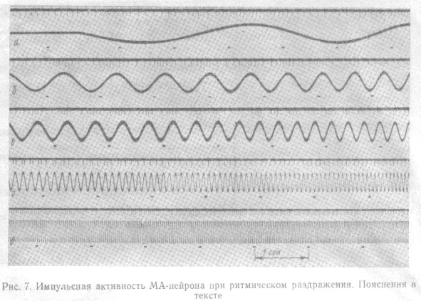 При включении ритмического раздражения, начиная от 0,1частота нейрона модулируется изменениями стимула (рис.7,затем появляются пачки импульсов (рис.7,б и в), дальнейшее увеличение f вызывает ЗЧ с отношением 1:1 (рис.7, гц, а), г). с
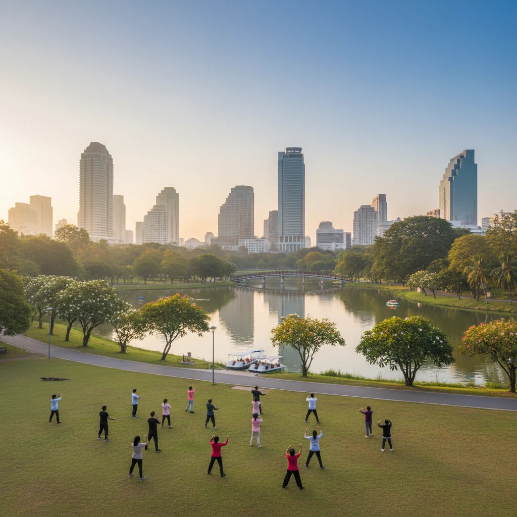 Парк Лумпини подходит для прогулок, бега, отдыха на траве и наблюдения за природой, но для купания в Бангкоке лучше выбирать бассейны или поездки к морю за пределы города.
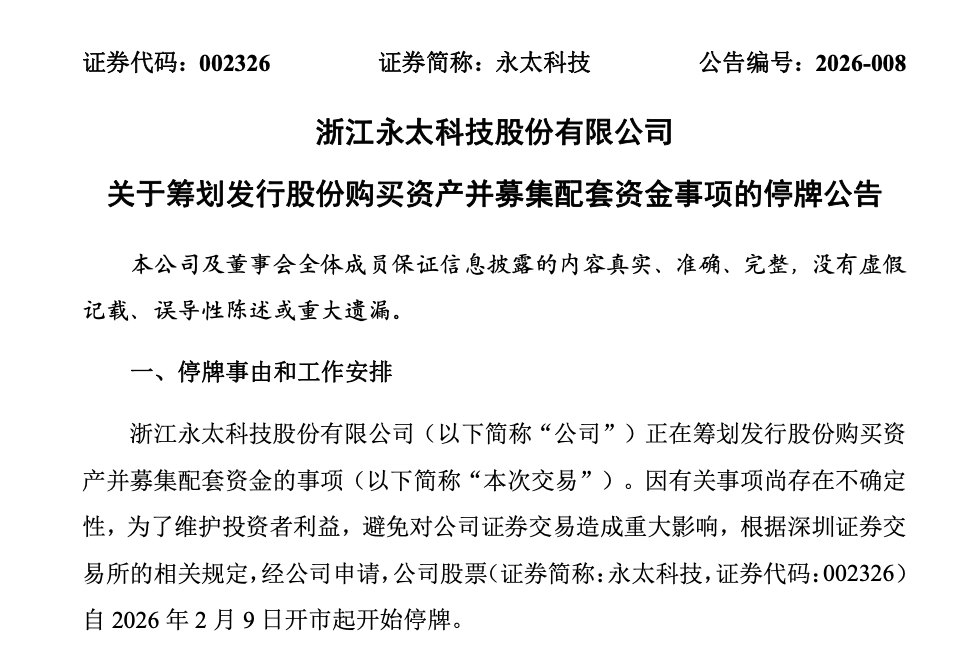 2月8日晚间,多家公司发布涉及并购重组、实控人变更等重要公告,其中两股已提前涨停。 永太科技(002326.SZ)公告,公司拟以发行股份方式购买宁德时代持有的永太高新(标的公司)25%股权并募集配套资金,公司现持有该标的公司75%股 权。本次交易完成后,宁德时代将成为公司股东。公司股票自2月9日开市起停牌。 业绩方面,永太科技预计2025年实现营业收入50亿元至55亿元;归母净利润虽然仍为负值(亏损2560万元至4860万元),但相比上年同期4.78亿元的亏损, 减亏幅度超过90%。 同样提前涨停的还有杉杉股份。 据公告,永太科技预计在不超过10个交易日的时间内披露本次交易方案,即在3月3日前披露相关信息。若公司未能在上述期限内召开董事会审议并披露交易 方案,公司证券最晚将于3月3日开市起复牌并终止筹划相关事项。 宁德时代入股永太高新已超4年。资料显示,2022年1月12日,永太高新的股东新增宁德时代,持股比例为25%。 值得注意的是,该股已提前涨停。2月6日午后,永太科技的股价大幅拉至涨停,最新市值为266亿元。这也是该股2026年以来首个涨停板。 业绩方面,杉杉股份公告称,预计2025年的归母净利润为4亿 ...

WORK REQUEST
Could you write out the whole listing exactly, dropping the pictures?

RESULT BELOW
 При включении ритмического раздражения, начиная от 0,1частота нейрона модулируется изменениями стимула (рис.7,затем появляются пачки импульсов (рис.7,б и в), дальнейшее увеличение f вызывает ЗЧ с отношением 1:1 (рис.7, гц, а), г). с
 Парк Лумпини подходит для прогулок, бега, отдыха на траве и наблюдения за природой, но для купания в Бангкоке лучше выбирать бассейны или поездки к морю за пределы города.
 2月8日晚间,多家公司发布涉及并购重组、实控人变更等重要公告,其中两股已提前涨停。 永太科技(002326.SZ)公告,公司拟以发行股份方式购买宁德时代持有的永太高新(标的公司)25%股权并募集配套资金,公司现持有该标的公司75%股 权。本次交易完成后,宁德时代将成为公司股东。公司股票自2月9日开市起停牌。 业绩方面,永太科技预计2025年实现营业收入50亿元至55亿元;归母净利润虽然仍为负值(亏损2560万元至4860万元),但相比上年同期4.78亿元的亏损, 减亏幅度超过90%。 同样提前涨停的还有杉杉股份。 据公告,永太科技预计在不超过10个交易日的时间内披露本次交易方案,即在3月3日前披露相关信息。若公司未能在上述期限内召开董事会审议并披露交易 方案,公司证券最晚将于3月3日开市起复牌并终止筹划相关事项。 宁德时代入股永太高新已超4年。资料显示,2022年1月12日,永太高新的股东新增宁德时代,持股比例为25%。 值得注意的是,该股已提前涨停。2月6日午后,永太科技的股价大幅拉至涨停,最新市值为266亿元。这也是该股2026年以来首个涨停板。 业绩方面,杉杉股份公告称,预计2025年的归母净利润为4亿 ...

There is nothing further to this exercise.